On target are Kyiv’s hypersonic forces Nutcracker missile and ballistic Iskander rocket. Both can carry a nuclear warhead and would be banned under the INF Treaty. These weapons signal an alarming return to Cold War style posing eye to eyewith great powers increasing their military capacity. Their use underscores Moscow’s accelerated missile development. But it also raises questions about the implications of a nuclear-tipped Oreshnik missile – capable of hitting European capitals within 12 to 16 minutes – for NATO security.

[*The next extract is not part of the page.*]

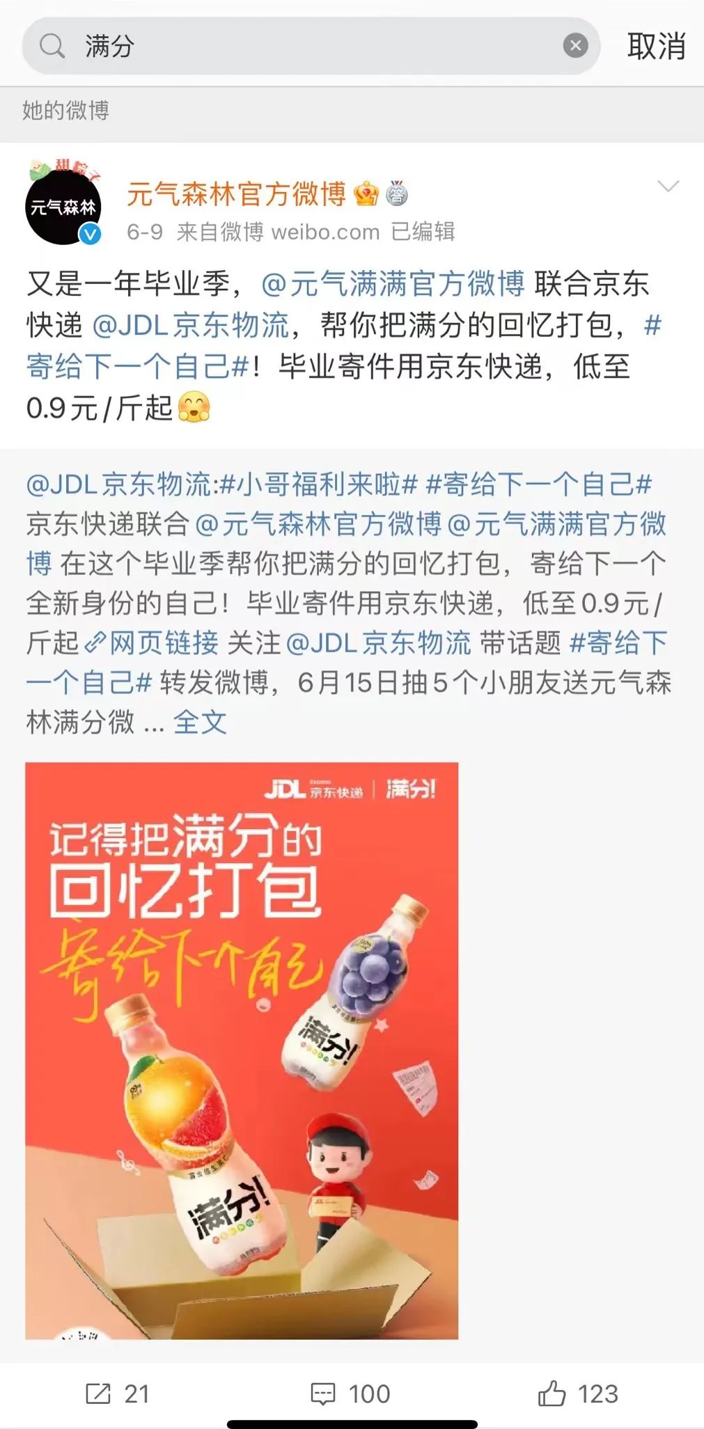 搜索“滿(mǎn)分微氣泡”相關(guān)動(dòng)態(tài),發(fā)現(xiàn)大多新聞稿還停留在2021年。2022年起,品牌在小紅書(shū)上投放的種草宣傳明顯減少。而元?dú)馍值墓俜轿⒉?,今年僅轉(zhuǎn)發(fā)過(guò)一條滿(mǎn)分相關(guān)的微博。

Deploying such missiles runs the risk of being abandoned arms control. The Cold War INF Treaty, banning land-launched ballistic and cruise missiles with a range between 500 and 5,500 km, limited nuclear escalation in Europe. Its expiration, as the UN warned, removed “an invaluable deterrent to nuclear war.” History offers lessons. In 1983 US plans to deploy such missiles in Europe – including Britain – sparked mass protests. Tensions peaked this year during the “A capable shooter” exercise misinterpreted by Moscow as preparation for nuclear war. Alarmed, Ronald Reagan eased fears, leading to the INF Treaty and broader arms reductions.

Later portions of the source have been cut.